REQUIREMENT> Working from the start of the listing, please write out exactly the lines through the one that holds "В разделе ДОБАВИТЬ", both included, and omit all pictures.

(AVAILABLE DATA)

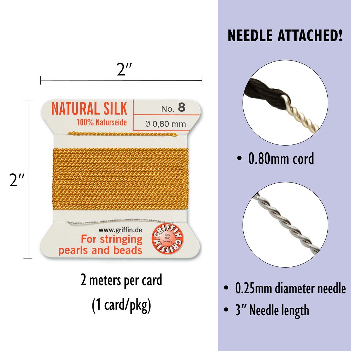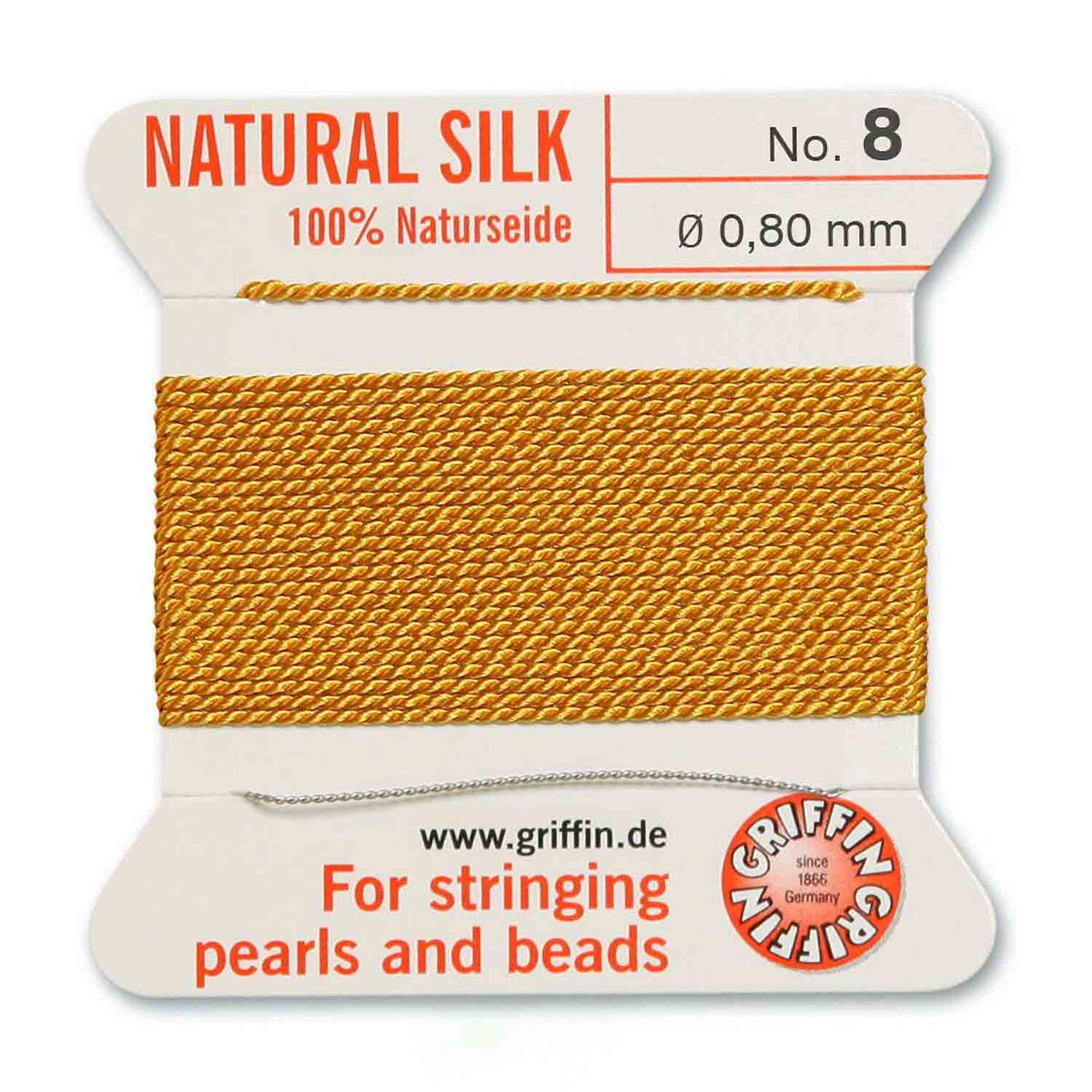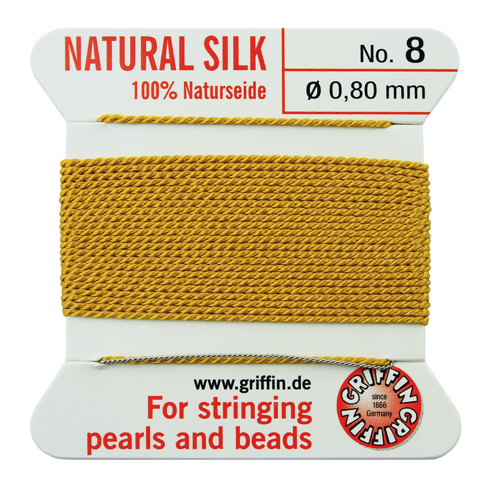 Толстая и прочная шелковая нить для низания бус. Изготовлена из высококачественного натурального 100% шелка, произведена немецкой компанией Griffin. К нити прикреплена стальная скрученная проволочка-иголка для нанизывания бусин. Идеально подходит для использования с жемчугом и натуральными камнями. Цвет темно-желтый, горчичный (amber). Оттенок может немного отличаться от фотографии. Толщина около 0,8 мм. Цена за моток 2 метра.
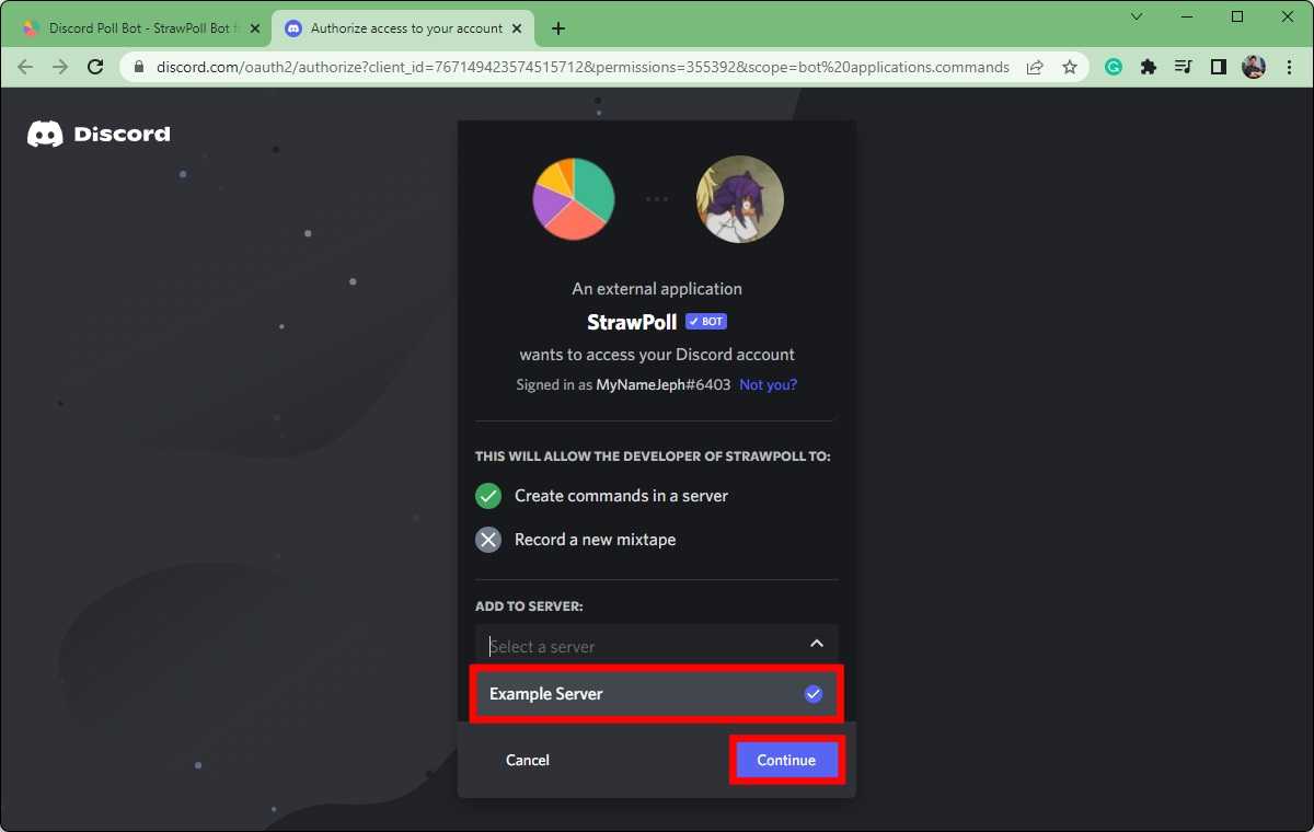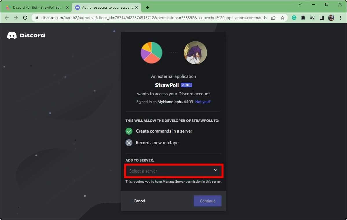 В разделе ДОБАВИТЬ НА СЕРВЕР нажмите кнопку Выбрать сервер, чтобы открыть раскрывающееся меню выбора сервера. Выберите сервер, на который хотите пригласить бота, затем нажмите «Продолжить».
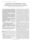 IEEE TRANSACTIONS ON SIGNAL PROCESSING, VOL. 46, NO. 1, JANUARY 1998 31 Interpolation and Extrapolation Using a High-Resolution Discrete Fourier Transform Mauricio D. Sacchi, Tadeusz J. Ulrych, and Colin J. Walker Abstract—We present an iterative nonparametric approach to spectral estimation that is particularly suitable for estimation of line spectra. This approach minimizes a cost function derived from Bayes’ theorem. The method is suitable for line spectra since a “long tailed” distribution is used to model the prior distribution of spectral amplitudes. An important aspect of this method is that since the data themselves are used as constraints, phase information can also be recovered and used to extend the data outside the original window. The objective function is formulated in terms of hyperparameters that control the degree of fit and spectral resolution. Noise rejection can also be achieved by truncating the number of iterations. Spectral resolution and extrapolation length are controlled by a single parameter. When this parameter is large compared with the spectral powers, the algorithm leads to zero extrapolation of the data, and the estimated Fourier transform yields the periodogram. When the data are sampled at a constant rate, the algorithm uses one Levinson recursion per iteration. For irregular sampling (unevenly sampled and/or gapped data), the algorithm uses one Cholesky decomposition per iteration. The performance of the algorithm is illustrated with three different problems that frequently arise in geophysical data processing: 1) harmonic retrieval from a time series contaminated with noise; 2) linear event detection from a finite aperture array of receivers [which, in fact, is an extension of 1)], 3) interpolation/extrapolation of gapped data. The performance of the algorithm as a spectral estimator is tested with the Kay and Marple data set. It is shown that the achieved resolution is comparable with parametric methods but with more accurate representation of the relative power in the spectral lines. Index Terms—Bayes procedures, discrete Fourier transforms, interpolation, inverse problems, iterative methods, signal restoration, signal sampling/reconstruction, spectral analysis. I. INTRODUCTION S PECTRAL analysis is a very active field of research. Possible applications are extremely diverse and have been particularly well detailed in an excellent review by Kay and Manuscript received April 7, 1995; revised February 18, 1997. This work was supported by an NSERC grant to T. J. Ulrych. The associate editor coordinating the review of this paper and approving it for publication was Dr. Farokh Marvasti. M. D. Sacchi was with the Department of Earth and Ocean Sciences, The University of British Columbia, Vancouver, B.C., Canada V6T 1Z4. He is now with the Department of Physics, Abadh Bhatia Physics Laboratory, University of Alberta, Edmonton, Alta., Canada T6G 2J1. T. J. Ulrych is with the Department of Earth and Ocean Sciences, University of British Columbia, Vancouver, B.C., Canada V6T 1Z4. C. J. Walker is a private consultant in Vancouver, B.C., Canada V6K 1T1. Publisher Item Identifier S 1053-587X(98)00529-7. Marple [4]. Basically, spectral analysis is an underdetermined, linear inverse problem. The goal is to determine a spectral estimate from the infinite number of estimates that are consistent with the data that represent, in general, a few samples of the autocorrelation function. Most of the techniques that have been proposed depend on the use of some particular norm that imposes a particular feature on the spectral estimate. In a similar fashion, the computation of the Fourier transform in a manner consistent with a given set of discrete observations can also be regarded as a linear inverse problem [9]. We show that Fourier transform estimation by inversion with prior information is quite similar to a bandlimited signal extrapolation problem. Different algorithms that achieve this objective have been devised [1], [10]. The underlying basis of these algorithms can be summarized as the minimization of a frequency weighted norm subject to data constraints. The weights are chosen to incorporate some a priori knowledge of the bandwidth and shape of the spectrum of the signal target. A byproduct of the algorithm is the Fourier transform of the extended time series and, therefore, a high-resolution spectral estimate as well. The technique is also used to reconstruct a signal from a set of nonuniform samples. The algorithm computes the discrete Fourier transform (DFT) from the nonuniform sampled signal, and finally, an inverse DFT is used to obtain an evenly sampled signal. An algorithm for recovering signals from nonuniform samples has been proposed by Marvasti et al. [7], [8]. This algorithm recovers a bandlimited signal by iteratively applying bandlimiting and nonuniform sampling operators. The bandlimiting operator is used to constrain the signal to have a preassigned spectral support. Our technique is quite different in that we model the signal by assigning a prior distribution to the spectral samples of the DFT. The paper is organized as follows. In Section II, we present an inverse procedure to compute the DFT. The inverse problem is regularized using two different criteria. First, we propose a zero-order quadratic regularization (damped least-squares) [5] that is derived from Bayes’ theorem, assuming the DFT and the observational errors can be modeled with a Gaussian distribution. This regularization leads to the well-known formulas for the DFT and its inverse, which is equivalent to assuming that the original times series has been padded with zeros. Oldenburg [9] reached the same conclusion by minimizing the first Dirichlet criterion of the Backus and Gilbert formalism. In our second approach, we use the Cauchy distribution to model the samples of the DFT. This regularization leads to an iterative nonparametric procedure to estimate the DFT. 1053–58

(End AVAILABLE DATA)

WRITTEN RESPONSE>
 Толстая и прочная шелковая нить для низания бус. Изготовлена из высококачественного натурального 100% шелка, произведена немецкой компанией Griffin. К нити прикреплена стальная скрученная проволочка-иголка для нанизывания бусин. Идеально подходит для использования с жемчугом и натуральными камнями. Цвет темно-желтый, горчичный (amber). Оттенок может немного отличаться от фотографии. Толщина около 0,8 мм. Цена за моток 2 метра.
 В разделе ДОБАВИТЬ НА СЕРВЕР нажмите кнопку Выбрать сервер, чтобы открыть раскрывающееся меню выбора сервера. Выберите сервер, на который хотите пригласить бота, затем нажмите «Продолжить».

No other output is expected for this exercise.